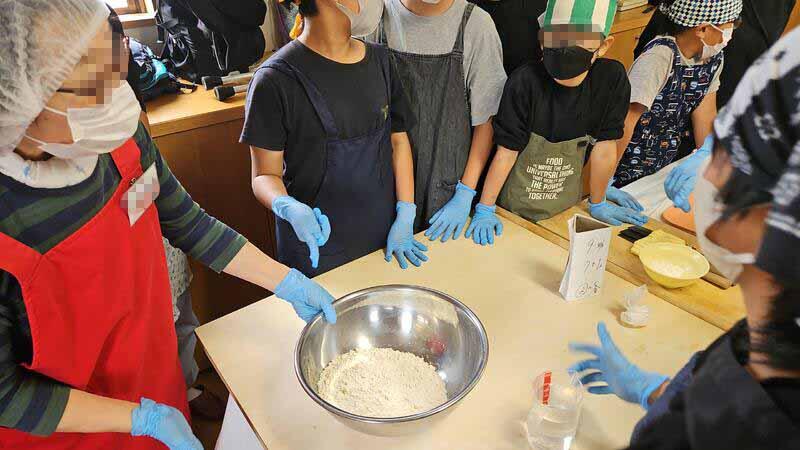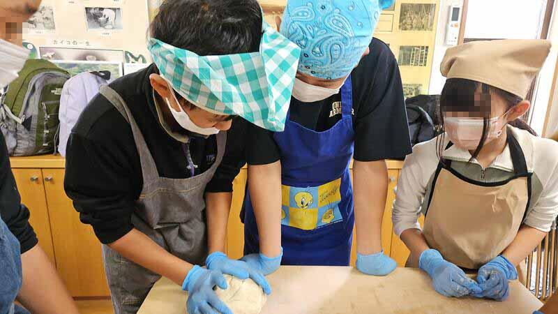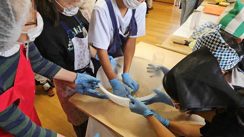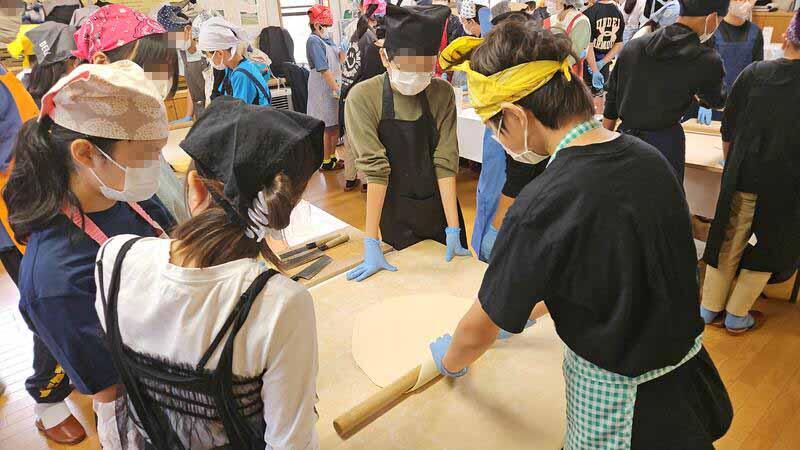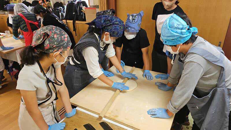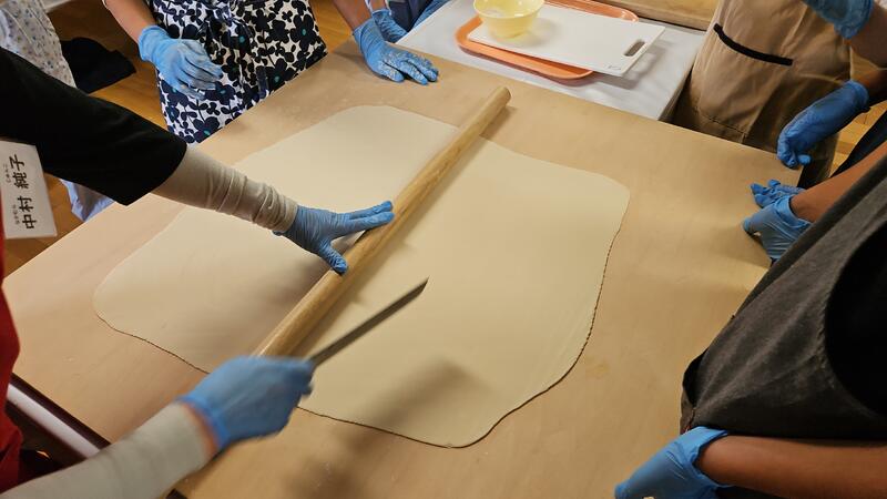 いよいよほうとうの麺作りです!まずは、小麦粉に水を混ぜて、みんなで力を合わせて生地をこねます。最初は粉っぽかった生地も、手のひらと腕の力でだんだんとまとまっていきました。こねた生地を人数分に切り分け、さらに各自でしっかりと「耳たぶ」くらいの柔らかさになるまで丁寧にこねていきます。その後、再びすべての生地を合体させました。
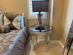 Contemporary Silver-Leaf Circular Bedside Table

_ _ _ _

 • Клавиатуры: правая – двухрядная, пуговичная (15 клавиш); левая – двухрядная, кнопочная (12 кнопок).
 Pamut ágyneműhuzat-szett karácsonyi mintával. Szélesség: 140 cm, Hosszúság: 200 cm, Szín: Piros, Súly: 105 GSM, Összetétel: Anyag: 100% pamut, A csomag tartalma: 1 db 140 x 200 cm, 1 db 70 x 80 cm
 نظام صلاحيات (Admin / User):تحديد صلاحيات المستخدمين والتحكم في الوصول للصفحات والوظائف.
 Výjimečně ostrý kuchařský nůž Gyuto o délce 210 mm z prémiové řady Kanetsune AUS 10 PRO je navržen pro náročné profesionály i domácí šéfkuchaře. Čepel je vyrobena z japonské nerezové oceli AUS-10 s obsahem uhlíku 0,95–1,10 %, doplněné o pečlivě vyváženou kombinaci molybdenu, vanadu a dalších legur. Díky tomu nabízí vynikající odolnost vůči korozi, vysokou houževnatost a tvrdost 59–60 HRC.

_ _ _ _

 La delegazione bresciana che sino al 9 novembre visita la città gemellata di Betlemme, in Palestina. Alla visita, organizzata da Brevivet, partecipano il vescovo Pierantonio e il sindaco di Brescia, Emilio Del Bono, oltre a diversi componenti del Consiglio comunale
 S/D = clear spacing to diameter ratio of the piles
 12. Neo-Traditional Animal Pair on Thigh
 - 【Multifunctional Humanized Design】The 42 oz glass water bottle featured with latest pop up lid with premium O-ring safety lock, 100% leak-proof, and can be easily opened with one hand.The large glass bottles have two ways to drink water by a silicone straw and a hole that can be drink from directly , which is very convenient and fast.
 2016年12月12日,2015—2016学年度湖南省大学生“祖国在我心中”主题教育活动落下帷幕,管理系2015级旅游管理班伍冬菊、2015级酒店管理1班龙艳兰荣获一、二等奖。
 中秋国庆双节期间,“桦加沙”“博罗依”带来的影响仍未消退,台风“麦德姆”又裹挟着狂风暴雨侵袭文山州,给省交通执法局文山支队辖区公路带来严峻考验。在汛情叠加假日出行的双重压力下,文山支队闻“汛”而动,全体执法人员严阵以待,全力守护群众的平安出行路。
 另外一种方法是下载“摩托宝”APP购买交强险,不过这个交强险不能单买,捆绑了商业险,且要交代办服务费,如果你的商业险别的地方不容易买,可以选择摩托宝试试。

_ _ _ _

THE PROBLEM
Starting at the line with "Pamut ágyneműhuzat-szett karácsonyi" and ending at the line with "Výjimečně ostrý kuchařský", print each line of the listing above exactly, with no other lines.

TASK SOLUTION
 Pamut ágyneműhuzat-szett karácsonyi mintával. Szélesség: 140 cm, Hosszúság: 200 cm, Szín: Piros, Súly: 105 GSM, Összetétel: Anyag: 100% pamut, A csomag tartalma: 1 db 140 x 200 cm, 1 db 70 x 80 cm
 نظام صلاحيات (Admin / User):تحديد صلاحيات المستخدمين والتحكم في الوصول للصفحات والوظائف.
 Výjimečně ostrý kuchařský nůž Gyuto o délce 210 mm z prémiové řady Kanetsune AUS 10 PRO je navržen pro náročné profesionály i domácí šéfkuchaře. Čepel je vyrobena z japonské nerezové oceli AUS-10 s obsahem uhlíku 0,95–1,10 %, doplněné o pečlivě vyváženou kombinaci molybdenu, vanadu a dalších legur. Díky tomu nabízí vynikající odolnost vůči korozi, vysokou houževnatost a tvrdost 59–60 HRC.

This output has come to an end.